Film Scott Phillips' Film Reviews

Film Review: Nico, 1988

 

Those must have been some of the best days of your life.  In the opening moments of Nico, 1988, a radio host offers that on-air comment to Christa Paggen a/k/a Nico, the lone female member of the 1960’s band The Velvet Underground.  She appeared on their 1967 album that Rolling Stone called “the most prophetic rock album ever made”.  With a shrug, Nico recalls singing on three songs and “playing tambourine the rest of the time”.  Maybe the greatest days of her life weren’t so great after all.

For the majority of Nico, 1988, we follow Christa’s attempts to keep her career afloat in the music business of the 1980’s that views her as a relic with no real commercial value.  That lady is a piece of history, a local Italian musician comments at one point. But, Nico has no desire to be a well-mannered ambassador for the counterculture of the 60’s.
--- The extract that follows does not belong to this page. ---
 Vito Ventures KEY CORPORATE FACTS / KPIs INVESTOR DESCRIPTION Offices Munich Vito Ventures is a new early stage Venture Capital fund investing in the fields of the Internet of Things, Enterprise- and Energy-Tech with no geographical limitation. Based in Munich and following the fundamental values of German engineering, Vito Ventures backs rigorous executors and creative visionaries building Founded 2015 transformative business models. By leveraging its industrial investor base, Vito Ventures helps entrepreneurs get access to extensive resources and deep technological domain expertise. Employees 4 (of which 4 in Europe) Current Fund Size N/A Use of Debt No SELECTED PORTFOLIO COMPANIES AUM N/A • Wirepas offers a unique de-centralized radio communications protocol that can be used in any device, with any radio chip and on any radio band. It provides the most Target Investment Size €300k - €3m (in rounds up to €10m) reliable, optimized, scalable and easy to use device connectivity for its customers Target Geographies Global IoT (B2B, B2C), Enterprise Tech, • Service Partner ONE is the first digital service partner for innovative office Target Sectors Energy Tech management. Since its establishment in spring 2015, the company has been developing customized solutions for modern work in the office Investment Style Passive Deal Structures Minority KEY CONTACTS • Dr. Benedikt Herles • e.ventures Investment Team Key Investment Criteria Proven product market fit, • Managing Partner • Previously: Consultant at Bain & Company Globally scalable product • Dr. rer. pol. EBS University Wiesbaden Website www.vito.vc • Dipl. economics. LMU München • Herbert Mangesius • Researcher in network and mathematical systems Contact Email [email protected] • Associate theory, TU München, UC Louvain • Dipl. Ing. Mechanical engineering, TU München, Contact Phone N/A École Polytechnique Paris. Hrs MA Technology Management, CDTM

She is struggling to stay relevant, making music that is an acquired taste to say the least. She is prone to diva-like tantrums on stage but lacks the commercial clout that might excuse her outbursts.

Christa’s past and present are intertwined through brief flashbacks detailing her childhood in war-torn Berlin and her drug-fueled days in the New York underground art scene with Andy Warhol and Lou Reed. But, as she tells her long-time manager, at the top and at the bottom, both are still empty.  Throughout the film Christa tries to fill that void with drugs, failed relationships, and a reunion with her mentally ill son that she abandoned as a child.
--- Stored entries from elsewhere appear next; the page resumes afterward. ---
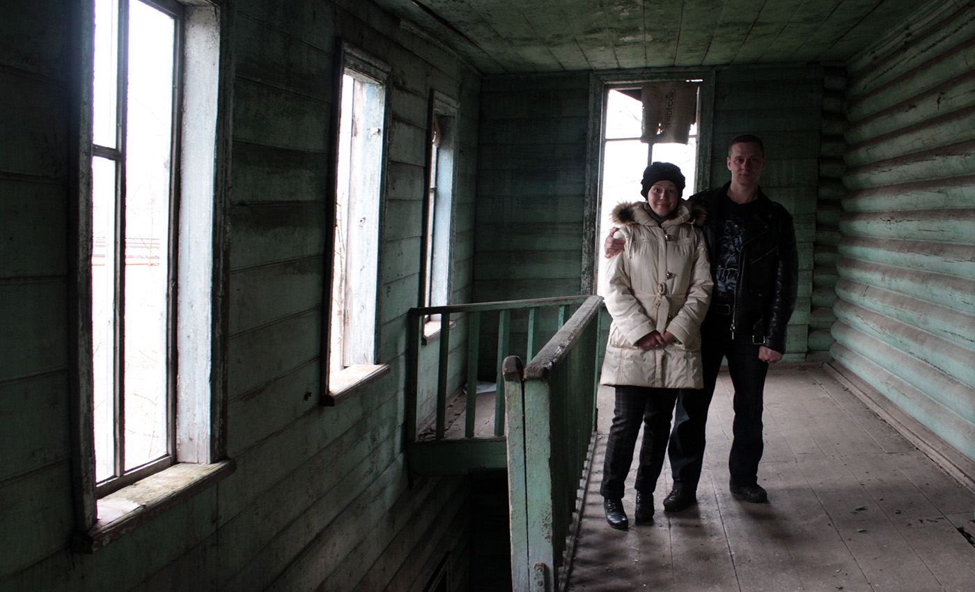 Алла Ледовских выросла в этом старинном доме на улице Станционной. Жили весело, вспоминает она, хотя бытовых неудобств было много: в туалет жильцы ходили на улицу, а за водой бегали к колонке. Со временем дом ветшал: стены покосились, пол просел, снаружи древесину поел жук. Ступени лестницы, ведущей на второй этаж, сгнили, межкомнатные перегородки поразила плесень, а просторный двор зарос кустами. Теперь в доме никто не живет. При переезде жильцы побросали все ненужное — диваны, старые тряпки и иконы.
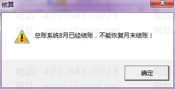 核算模块取消月结时提示:“总账系统8月份已结账,不能恢复月末结账”。如图:
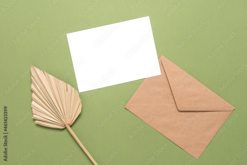 Blank card mockup, craft envelope and dry palm leaf on olive color paper background. Top view, flat lay. Stationery modern still life.

Trine Dyrholm (star of the Danish television series The Legacy) de-glams for her role as the drug-addicted musician who shoots heroin in bathrooms and vomits on the side of the road. But, it’s her haunted eyes that give Christa her depth.  I wasn’t happy when I was beautiful she tells a friend, and the forlorn look on her face attests to the accuracy of her words.
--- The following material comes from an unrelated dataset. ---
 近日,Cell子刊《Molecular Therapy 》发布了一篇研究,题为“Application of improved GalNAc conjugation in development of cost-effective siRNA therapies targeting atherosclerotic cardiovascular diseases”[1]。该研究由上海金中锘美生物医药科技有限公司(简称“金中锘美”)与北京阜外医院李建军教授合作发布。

Writer/director Susanna Nicchiarelli avoids the music biopic cliches. We never see Christa’s days of adoration. Instead, we witness her futile attempts to connect with an audience that no longer understands her. Nico, 1988 is not a rags-to-riches fable or a tale of redemption. It’s grounded in a harsh reality where the relentless drive to succeed ends in nightclubs and gymnasiums filled with indifference.  If it sounds like a bleak journey, it is.  But, it’s one worth taking.